▶ DATA PROVIDED:
━━━━

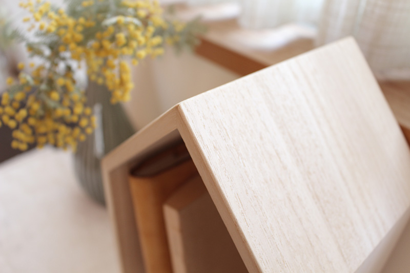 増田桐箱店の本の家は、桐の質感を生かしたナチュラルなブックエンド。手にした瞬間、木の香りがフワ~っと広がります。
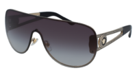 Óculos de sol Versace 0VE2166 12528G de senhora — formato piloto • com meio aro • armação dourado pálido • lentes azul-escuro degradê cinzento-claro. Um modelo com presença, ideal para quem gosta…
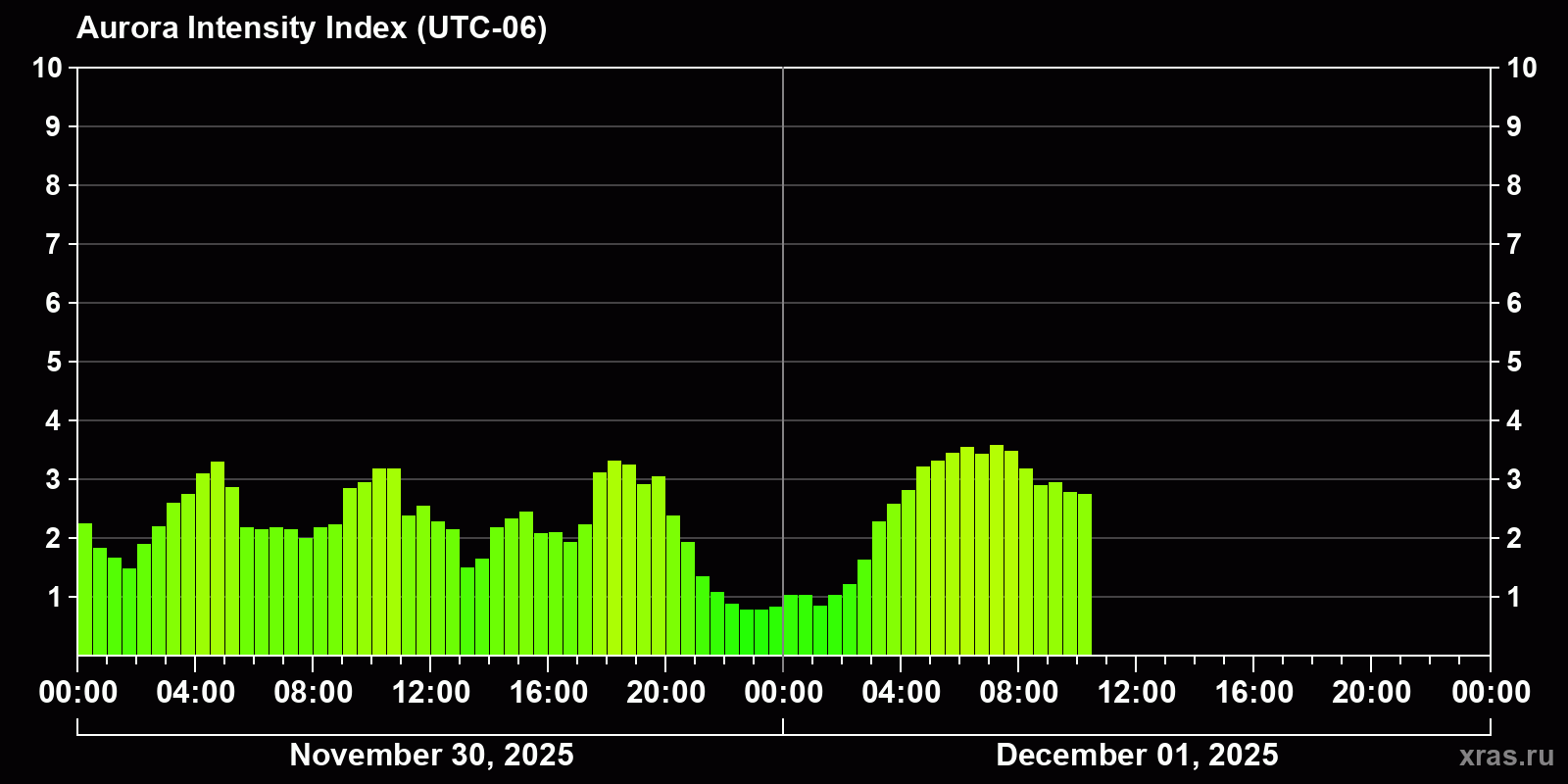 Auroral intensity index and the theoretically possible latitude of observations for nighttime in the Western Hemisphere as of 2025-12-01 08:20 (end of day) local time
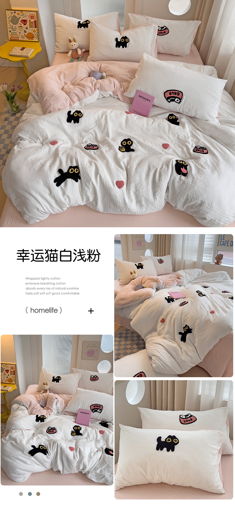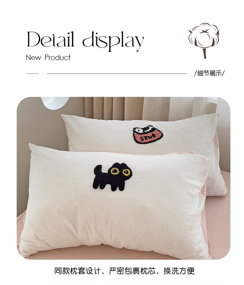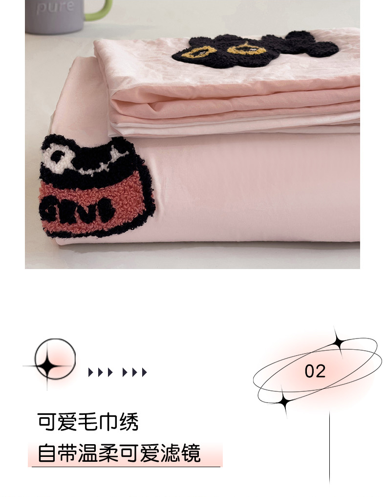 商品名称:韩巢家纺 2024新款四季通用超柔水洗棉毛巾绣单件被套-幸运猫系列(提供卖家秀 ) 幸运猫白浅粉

━━━━

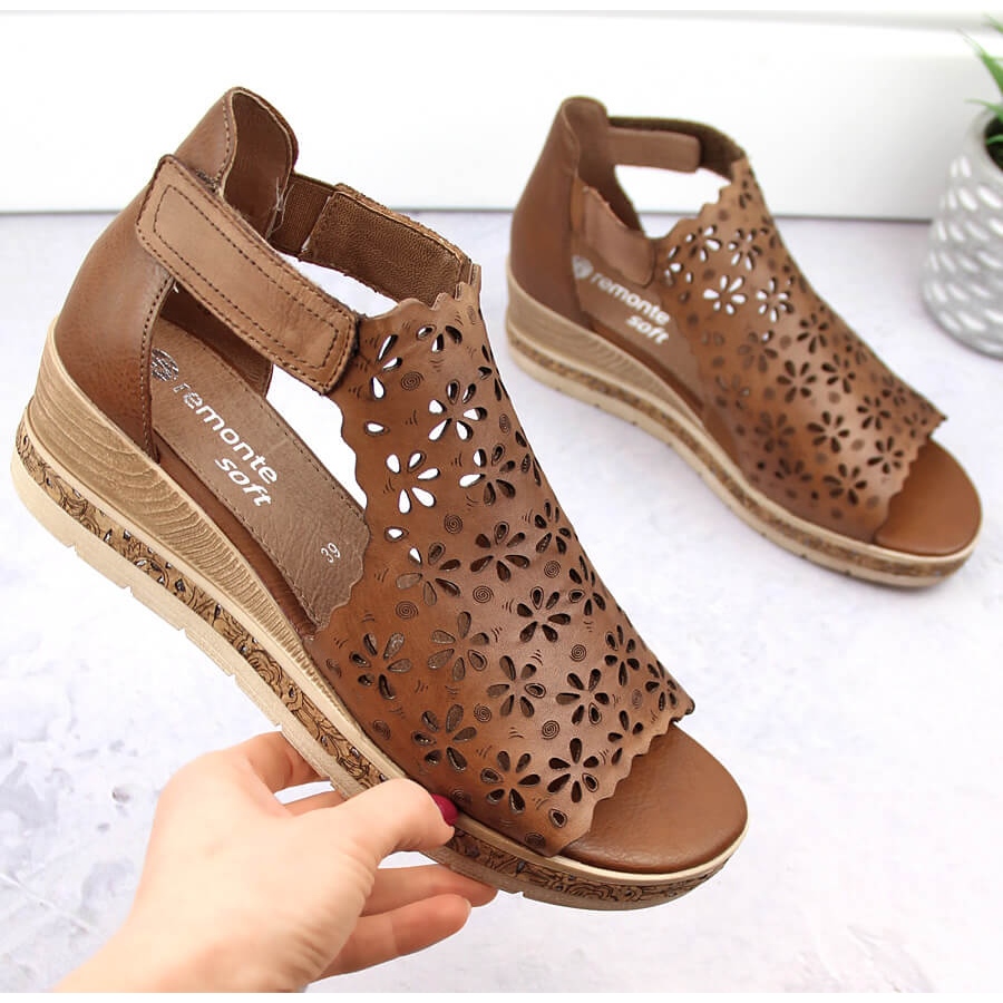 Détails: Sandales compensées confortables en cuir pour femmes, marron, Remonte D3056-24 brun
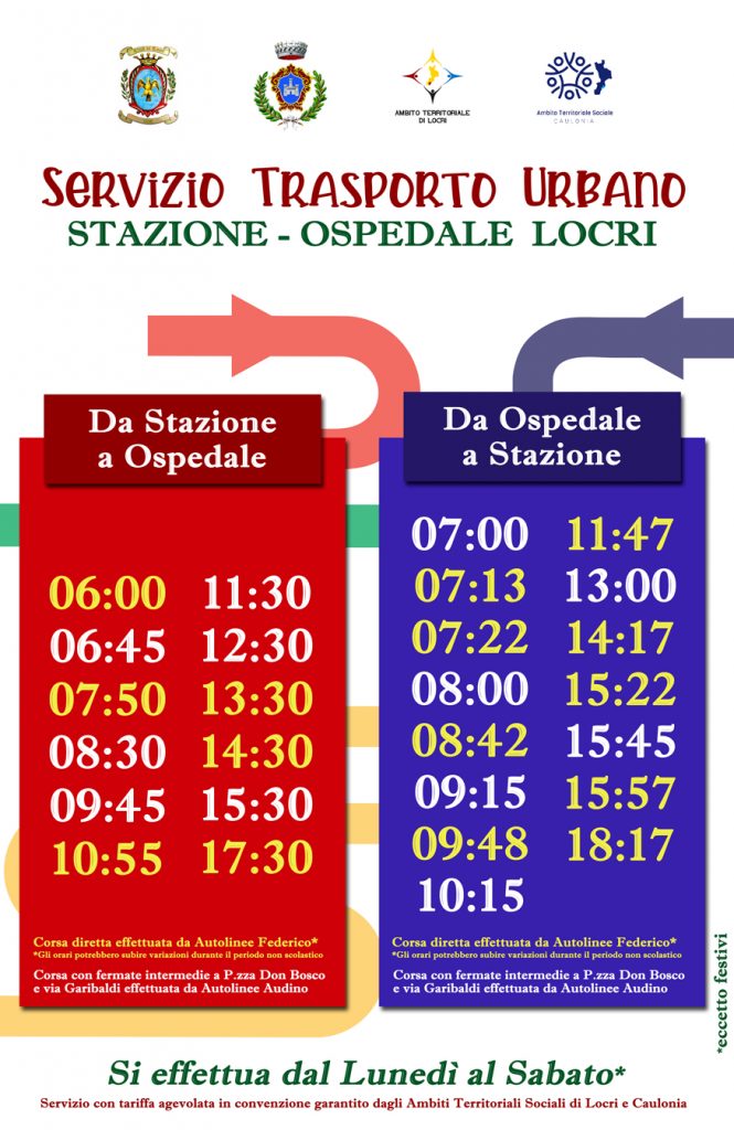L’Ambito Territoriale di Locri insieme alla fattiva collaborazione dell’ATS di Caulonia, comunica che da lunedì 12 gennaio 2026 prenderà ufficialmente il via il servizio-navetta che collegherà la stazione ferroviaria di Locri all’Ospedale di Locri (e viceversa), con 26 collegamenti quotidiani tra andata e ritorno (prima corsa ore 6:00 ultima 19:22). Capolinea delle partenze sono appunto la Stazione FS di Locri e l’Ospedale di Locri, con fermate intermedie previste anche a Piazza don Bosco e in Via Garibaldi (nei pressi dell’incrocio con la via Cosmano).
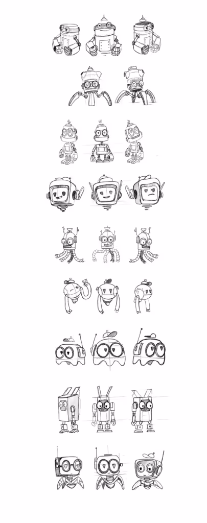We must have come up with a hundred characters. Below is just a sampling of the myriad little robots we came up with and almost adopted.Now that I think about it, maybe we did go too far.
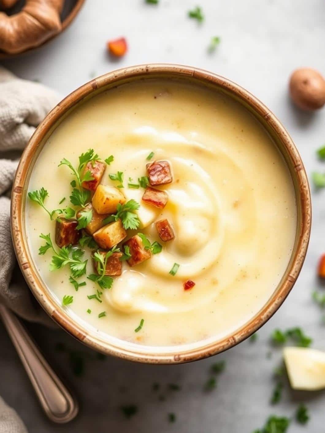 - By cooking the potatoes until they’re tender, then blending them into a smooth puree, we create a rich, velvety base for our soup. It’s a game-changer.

━━━━

▶ TASK GOAL:
Using the data above, which lines fall from the one with "増田桐箱店の本の家は、桐の質" through the one with "商品名称:韩巢家纺 2024新款四季通用超柔水洗棉毛巾绣单件被套-幸运猫系列(提供卖家秀 )"? Repeat them exactly, ends included, minus any pictures.

▶ RESPONSE:
 増田桐箱店の本の家は、桐の質感を生かしたナチュラルなブックエンド。手にした瞬間、木の香りがフワ~っと広がります。
 Óculos de sol Versace 0VE2166 12528G de senhora — formato piloto • com meio aro • armação dourado pálido • lentes azul-escuro degradê cinzento-claro. Um modelo com presença, ideal para quem gosta…
 Auroral intensity index and the theoretically possible latitude of observations for nighttime in the Western Hemisphere as of 2025-12-01 08:20 (end of day) local time
 商品名称:韩巢家纺 2024新款四季通用超柔水洗棉毛巾绣单件被套-幸运猫系列(提供卖家秀 ) 幸运猫白浅粉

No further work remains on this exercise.